Cruzei-me com ela quando me dirigia a Lisboa, na nossa carrinha, e ela vinha a pé, na estrada da estação palmelense. Aquela figura, de frente, após uma curva, pareceu-me a tal senhora. Então, verifiquei pelo espelho retrovisor do veículo e confirmei: ia a pé à minha procura.
Lisboa é um mundo! A carrinha carregava tângeras para um hotel, que mas paga ao preço da chuva, e aproveitava para ir buscar dois electrodomésticos e roupa à casa de uma assinante, para dar aos pobres, mas aquela cara revolucionou todo o meu sentir.
Que irá fazer? Ela anda perdida! Que faria o Senhor neste caso? Eu não lhe tinha permitido que me tocasse.
Foi uma viagem em silêncio com o Bita ao meu lado, mas um barulho tremendo dentro de mim!... A misericórdia de Deus!... E eu?...

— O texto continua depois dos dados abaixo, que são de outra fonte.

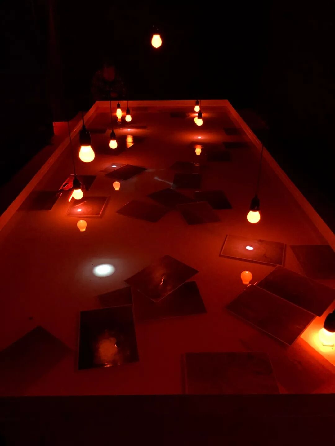 4月12日,王功新最新个人项目“潜影——与BIAO有关”在北京掩体空间开幕。位于段祺瑞政府旧址内的掩体空间曾为华北日军司令冈村宁次修筑的地下工事。在此,艺术家以一组特定场域装置作品对展览空间的历史进行着追索与丈量——话筒划过崎岖地面所产生的诡异响动在另一端转化为可见的烟尘明灭;作为地下空间唯一光源的多组红灯引发着有关冲印暗室和警戒的联想;不时浸入液体中的灯泡传递着危险与不安的信号;唯一坚固的,是一组整齐排列的混凝土雕塑,依旧闪动的红色被半埋入厚重之中。
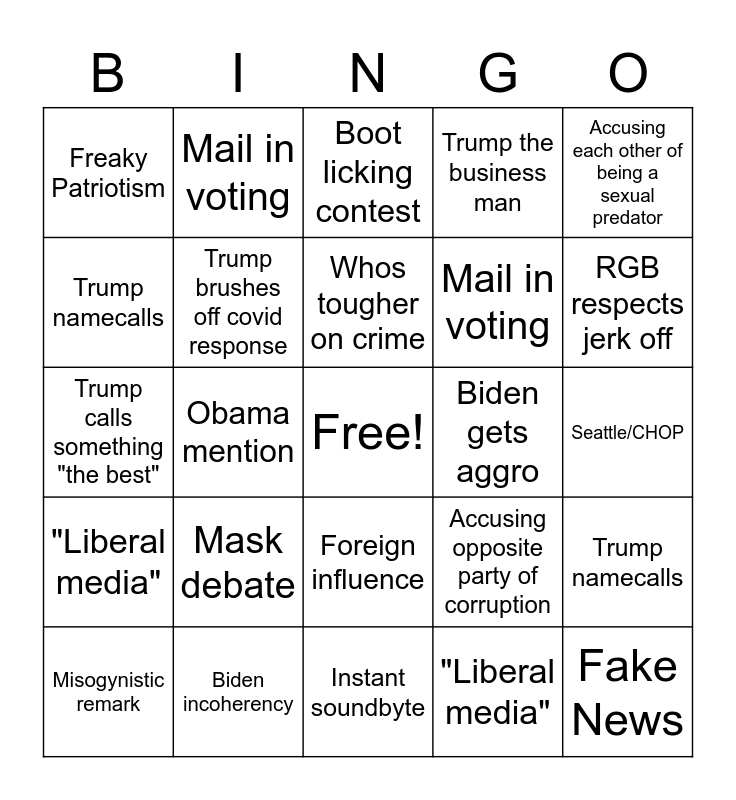 This bingo card has a free space and 28 words: Trump namecalls, Boot licking contest, Mail in voting, "Liberal media", Trump namecalls, Boot licking contest, Mail in voting, "Liberal media", Biden gets aggro, Misogynistic remark, Trump calls something "the best", Trump the business man, Biden incoherency, Instant soundbyte, RGB respects jerk off, Violent anarchists/antifa, Mask debate, Trump brushes off covid response, Whos tougher on crime, Foreign influence, Freaky Patriotism, Dogwhistle, Fake News, Obama mention, Seattle/CHOP, Accusing opposite party of corruption, Accusing each other of being a sexual predator and Dementia Battle.

Quando regressei, ainda sem almoço, encontro-a sentada nos degraus de pedra, aquecida pelo sol. Deu-me no coração um baque: — ainda tenho oportunidade para corrigir a minha atitude.
A primeira coisa que fiz foi perguntar à Senhora da Casa se lhe tinha dado comer. Que sim. Que comera uma sopa! Fiquei aliviado e propus-me ouvi-la a seguir à minha refeição.
Ele há vidas terrivelmente massacradas!... Não sabe ler... e é uma pessoa inteligente. A mãe morreu quando ela tinha um ano. O pai arranjou-lhe uma madrasta que nunca a mandou à escola. O pai casou-a aos treze anos com um homem de vinte que a fez sua escrava. Naquela situação, gerou uma filha nascida tetraplégica e mais três ou quatro filhos. O parceiro batia-lhe muito e ela fugiu de casa com outro e os filhos mais pequenos.
Naquelas andanças o homem foi preso, e ela também.
Apareceu-me agora com um despacho do Supremo a mandá-la libertar imediatamente. Diz-me que está inocente e não fez mal nenhum, que se fartou de sofrer durante dois anos e dois meses. Nos primeiros quinze dias esteve numa cela, sem ver o sol, com camaradas muito agressivas. Que foi horrível!... Depois... Tanto tempo sem ver os filhos.
Nunca ninguém a visitou, nunca... nunca... e nestes nuncas rebentou em choro e lágrimas!... Nessa altura, lembrei-me da cena evangélica de Jesus com Madalena. Não chorei por vergonha e segurança, mas o choro chegou ao fundo de mim próprio.
Que está a viver com uma pastora negra. Sim, alguma mulher cismática que também nos dá lições de vida! Foi ela que me acolheu mesmo sem poder.
Que quer trabalhar! Que quer ir à escola! Que se quer libertar daquele monstro que a dominou e lhe fez os filhos! Que não pode viver sem eles, que há-de ir ao Tribunal requerer os seus direitos de mãe. Quer alugar uma casa, se eu a puder ajudar. Que deseja reconstruir a sua vida!
Ela é uma ave sem ninho a sonhar com as exigências naturais do seu estado.
Peguei-lhe no mandado do Tribunal, copiei-o e fui ter com um advogado, de coração e cabeça, para que veja o seu processo, verifique se está inocente e, no último caso, exigir uma indemnização ao Estado. Quem me dera!
Mesmo assim, dei-lhe confiança: que pode alugar uma casa, lhe pagarei a caução e o primeiro mês, lhe darei os electrodomésticos e mobílias e a ajudarei quanto puder.
Depois de a ver recuperada, dir-lhe-ei: — Vai em paz e não tornes a pecar. Procura o caminho do Senhor!